Arnold Arboretum
Boston, Massachusetts
Arnold Arboretum
Boston, Massachusetts
United States

The Arnold Arboretum is the nation’s first—and now oldest—public arboretum. It is home to a living collection of 16,000 accessioned plants mapped across 281 acres of rolling landscape in the Jamaica Plain and Roslindale neighborhoods of Boston.

About the Arnold Arboretum

The Arnold Arboretum of Harvard University was shaped by Frederick Law Olmsted and his successors over several decades. Of the approximately 20 arboreta Olmsted and his firm designed in North America, the Arnold was his first exercise in this genre and an immediate triumph. It is known today as one of Olmsted’s best-preserved works.

The Arboretum was established in 1872 when a portion of James Arnold’s estate was deeded to Harvard University. In the deed of trust, income from the legacy was to be used “for the establishment and support of an arboretum, to be known as the Arnold Arboretum, which shall contain, as far as practicable, all the trees [and] shrubs… either indigenous or exotic, which can be raised in the open air.” In 1873, Charles Sprague Sargent was selected as the first director. He soon began courting Olmsted for the job of designing the arboretum. In 1882, Sargent and Olmsted penned a thousand-year lease agreement between Boston and Harvard in which the land became part of the Emerald Necklace while the Arboretum retained control of the living collections.

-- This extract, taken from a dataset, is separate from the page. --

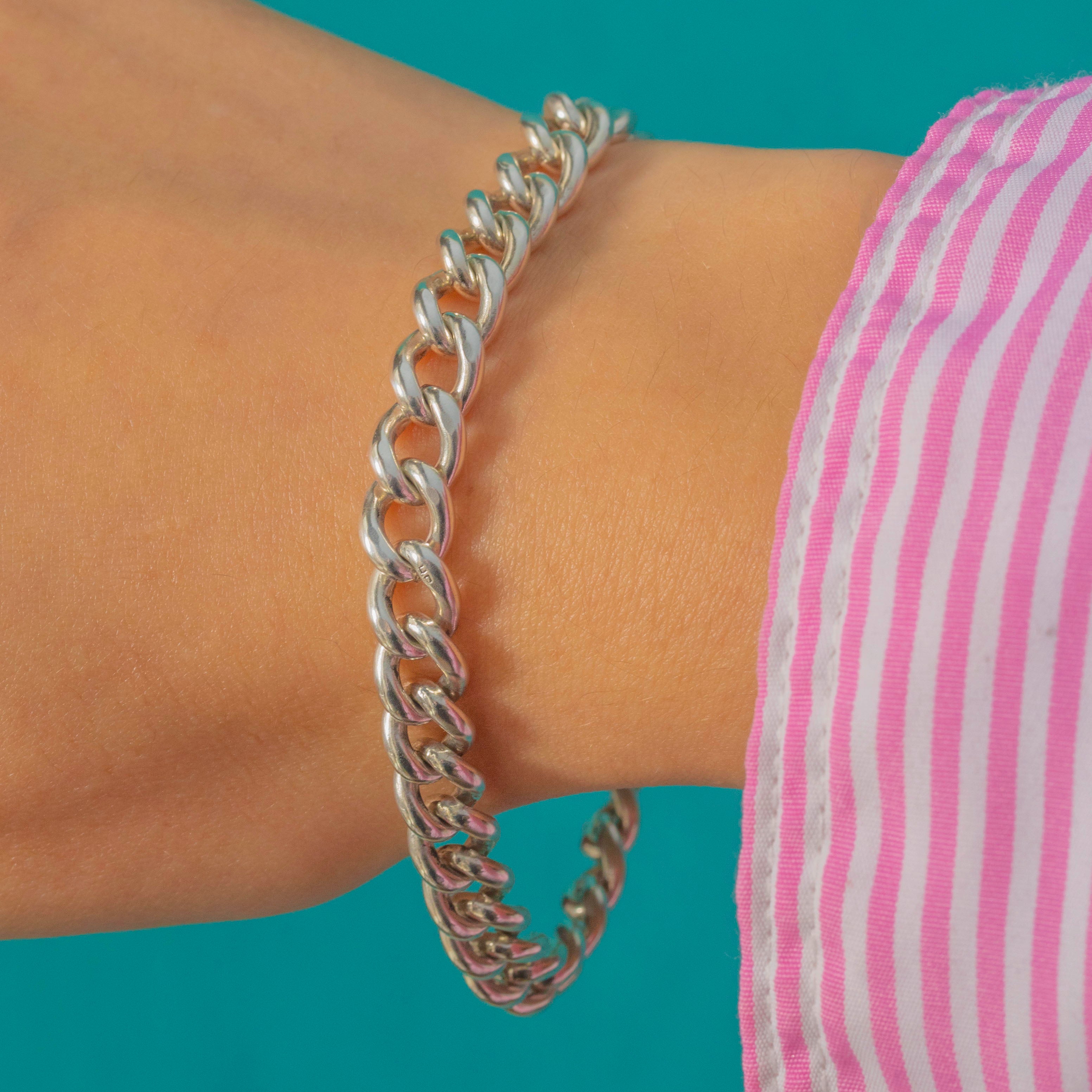 This classic Victorian Sterling Silver curb bracelet features solid, weighty links and its original antique dog-clip clasp, a signature of turn-of-the-century design.

As the nation’s first and now oldest public arboretum, the Arnold stewards a living collection of some 16,000 accessioned plants mapped across 281 acres of rolling landscape in the Jamaica Plain and Roslindale neighborhoods of Boston. Olmsted intended for the design to be naturalistic, complementing the existing beauty of the topography and vegetation.

In 1965, the site was listed as a National Historic Landmark. The following year, in 1966, the Arboretum was listed on the National Register of Historic Places.

The Arboretum remains a vital and beloved connecting point between Harvard and Boston. While the Arboretum helps advance Harvard’s mission of education and discovery through its renowned collections and research, it also provides Boston area citizens with open access to one of the finest landscapes of Olmsted’s career and one of the most eminent collections of trees on Earth, animated by lively contemporary programming running the gamut from lectures and readings to performances, outdoor learning and citizen science.